[Exercise materials Boundary: Start]
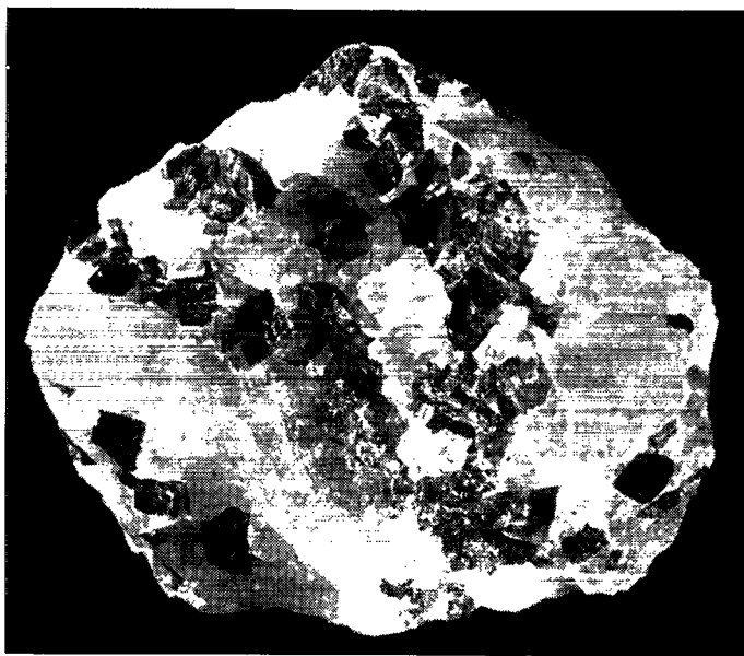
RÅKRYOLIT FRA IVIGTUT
[Exercise materials Boundary: End]
[Exercise materials Boundary: Start]
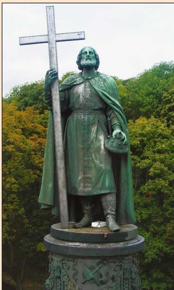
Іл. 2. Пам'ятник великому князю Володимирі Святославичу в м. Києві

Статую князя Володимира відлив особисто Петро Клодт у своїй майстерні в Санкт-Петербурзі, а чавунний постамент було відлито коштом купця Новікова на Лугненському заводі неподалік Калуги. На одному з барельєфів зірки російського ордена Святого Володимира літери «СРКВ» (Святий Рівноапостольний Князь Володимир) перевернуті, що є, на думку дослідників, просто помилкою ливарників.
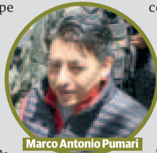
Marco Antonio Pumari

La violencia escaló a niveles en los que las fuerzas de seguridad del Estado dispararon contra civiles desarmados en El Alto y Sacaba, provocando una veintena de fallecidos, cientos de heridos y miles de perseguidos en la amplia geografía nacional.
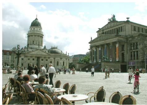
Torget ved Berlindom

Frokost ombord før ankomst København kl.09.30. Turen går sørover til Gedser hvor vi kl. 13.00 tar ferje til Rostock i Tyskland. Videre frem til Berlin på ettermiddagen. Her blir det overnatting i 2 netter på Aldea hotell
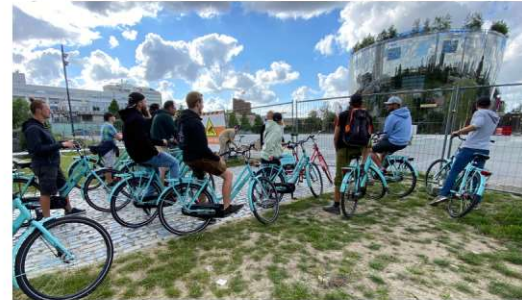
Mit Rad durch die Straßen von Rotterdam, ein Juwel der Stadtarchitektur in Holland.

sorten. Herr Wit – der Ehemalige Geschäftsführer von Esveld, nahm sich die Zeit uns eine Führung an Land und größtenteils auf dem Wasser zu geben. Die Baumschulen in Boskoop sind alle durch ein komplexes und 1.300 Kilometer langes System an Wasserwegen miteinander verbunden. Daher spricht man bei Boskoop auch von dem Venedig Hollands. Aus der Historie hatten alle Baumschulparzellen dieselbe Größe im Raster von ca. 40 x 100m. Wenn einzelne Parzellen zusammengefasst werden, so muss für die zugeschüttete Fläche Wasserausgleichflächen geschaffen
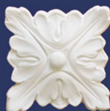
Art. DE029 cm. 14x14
[Exercise materials Boundary: End]
* [Work to complete]:
Pictures in the entries do not go into the copy. Print only the lines starting at the one containing "La violencia escaló" and ending at the one containing "Mit Rad durch", exactly as they appear.

* [Answer area]:
La violencia escaló a niveles en los que las fuerzas de seguridad del Estado dispararon contra civiles desarmados en El Alto y Sacaba, provocando una veintena de fallecidos, cientos de heridos y miles de perseguidos en la amplia geografía nacional.
Torget ved Berlindom

Frokost ombord før ankomst København kl.09.30. Turen går sørover til Gedser hvor vi kl. 13.00 tar ferje til Rostock i Tyskland. Videre frem til Berlin på ettermiddagen. Her blir det overnatting i 2 netter på Aldea hotell
Mit Rad durch die Straßen von Rotterdam, ein Juwel der Stadtarchitektur in Holland.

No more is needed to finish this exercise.